Because the partnership is bound by the acts of Irving, and documentary proof of his conviction (after his plea of ‘not guilty’ and trial before a jury for filing false insurance claims) was attached to respondents' motion for summary judgment, there was no issue of fact to be decided and the trial court was correct in granting the motion. (Teitelbaum Furs, Inc. v. Dominion Ins. Co., Ltd., 58 Cal.2d 601, 25 Cal.Rptr. 559, 375 P.2d 439.) As a matter of law the insurance contracts were voided and the partnership was foreclosed from receiving any part of their proceeds.

II.

Appellants argue that the clause upon which respondents rely should be declared contrary to public policy when applied to the amount of damages actually brought about by a fire not caused by the insured. This contention was answered by the Fifth Circuit in Chaachou v. American Central Insurance Company (1957) 241 F.2d 889, 892, 893: ‘The contract does not spell out that it is only false swearing, misrepresentation, concealment or fraud which is successful that avoids the policy. * * * A judge-made police which thus gives advantage to dishonesty will retard, not accelerate, the orderly adjustment of insurance losses.’ The clause considered in the Chaachou case is the same as the one involved in the instant case (see footnote 2, Ante).
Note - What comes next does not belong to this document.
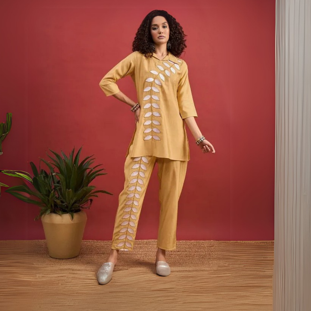 The casual cotton co-ord set is ideal for relaxed outings, featuring breathable fabrics and minimalist designs like stripes or solid colors, ensuring comfort and effortless style.
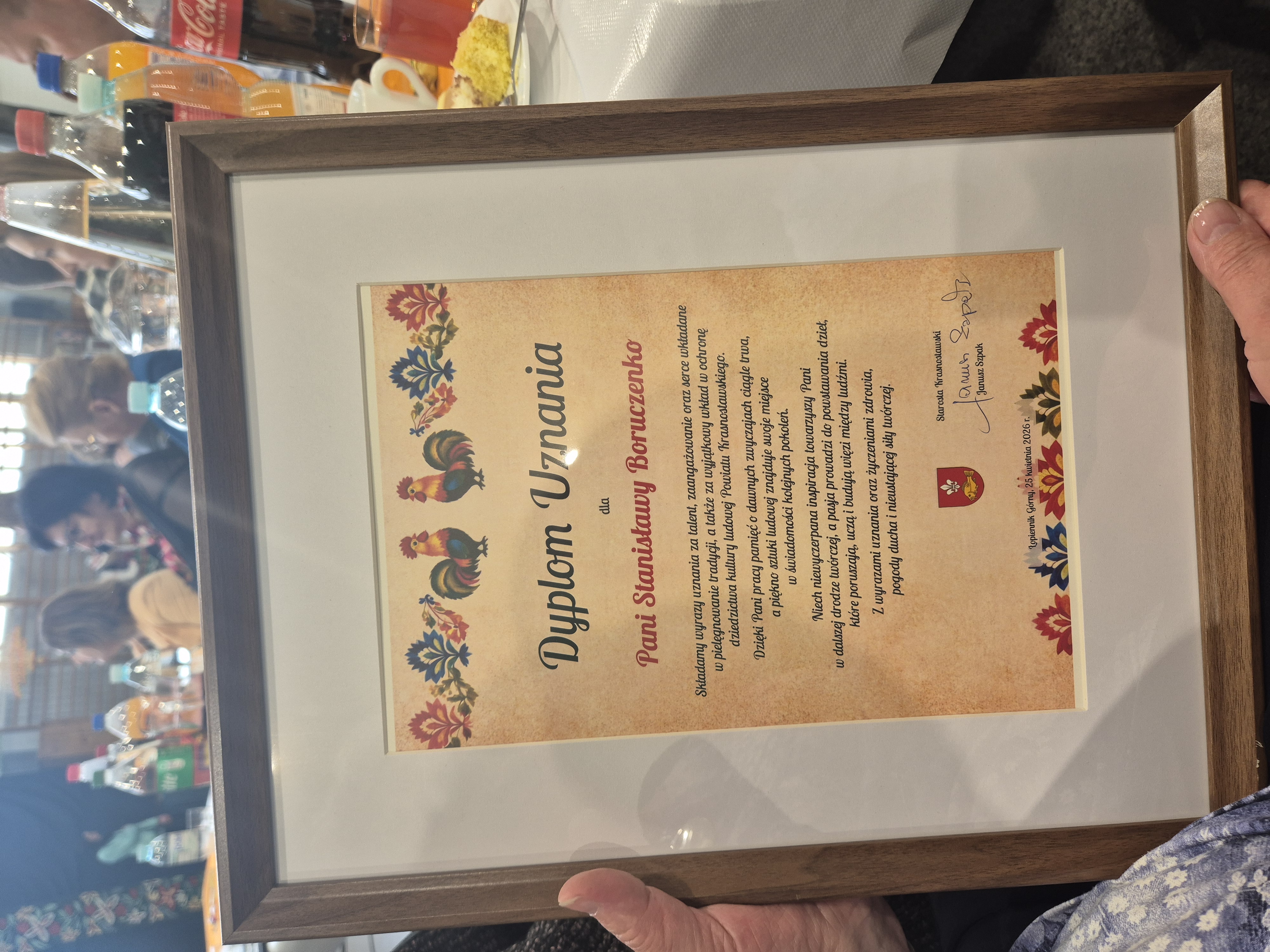 Istotnym punktem programu było wręczenie odznaczeń dla twórców ludowych oraz dyplomów uznania. Starosta Krasnostawski Pan Janusz Szpak uhonorował dyplomem uznania 6 osób m.in. Panią Stanisławę Boruczenko. Wyróżnienie to stanowi wyraz uznania dla jej wkładu w zachowanie i rozwój tradycji ludowej regionu. W imieniu GOK Fajsławice oraz całej gminnej społeczności, serdecznie gratulujemy Pani Stanisławie tego wyróżnienia i życzymy dalszych sukcesów na swojej twórczej ścieżce!

At oral argument Hyman urged that Irving's only culpability which could be attributed to the partnership was, in the statutory language, ‘false swearing * * * relating (to the subject of the insurance)’, and that the word ‘material’ should be read into the provision as a modifier just as the word ‘material’ appearing in the preceding phrase is a modifier of the word ‘fact.’3 He then argues that in a full trial the facts might show that the value of the false items included were less than the difference between the claim and the coverage,4 thus making the false swearing immaterial. It is unnecessary to decide whether Hyman's construction argument has merit since his total point is unavailing because he presented no proof in the summary judgment proceeding by way of declaration of affidavit which would afford even an inference that the false part of the claim had any such relation to coverage and actual loss.

Hyman also argued that the law should be that the amount of the false claim be something more than minimal before the penalizing effect of the statute is applied against the transgressor. He gave the example of an automobile owner including a preexisting fender dent into a subsequent claim of major damage sustained in a second accident, suggesting such practice was rather common and was not serious enough to call the subject clause into play. It is unnecessary to pass on the legal aspect of the argument because, again, the factual showing is missing.

The judgment is affirmed.

FOOTNOTES

1.  Summary judgment was not granted as to the sixth insurance company on the apparent finding that no false claim had been made against it.

2.  The clause, which is expressly made a part of the standard form of fire insurance for this State (Ins.Code, s 2073) reads as follows:‘This entire policy shall be void if, whether before or after a loss, the insured has wilfully concealed or misrepresented any material fact or circumstance concerning this insurance or the subject thereof, or the interest of the insured therein, or in case of any fraud or false swearing by the insured relating thereto.’

3.  Policy void if ‘the insured has wilfully * * * misrepresented any material fact * * *.’

4.  Example: value of false items $1,000; amount of claim $5,800; amount of insurance coverage $4,000.

REPPY, Associate Justice.

STEPHENS, Acting P.J., and AISO, J., concur.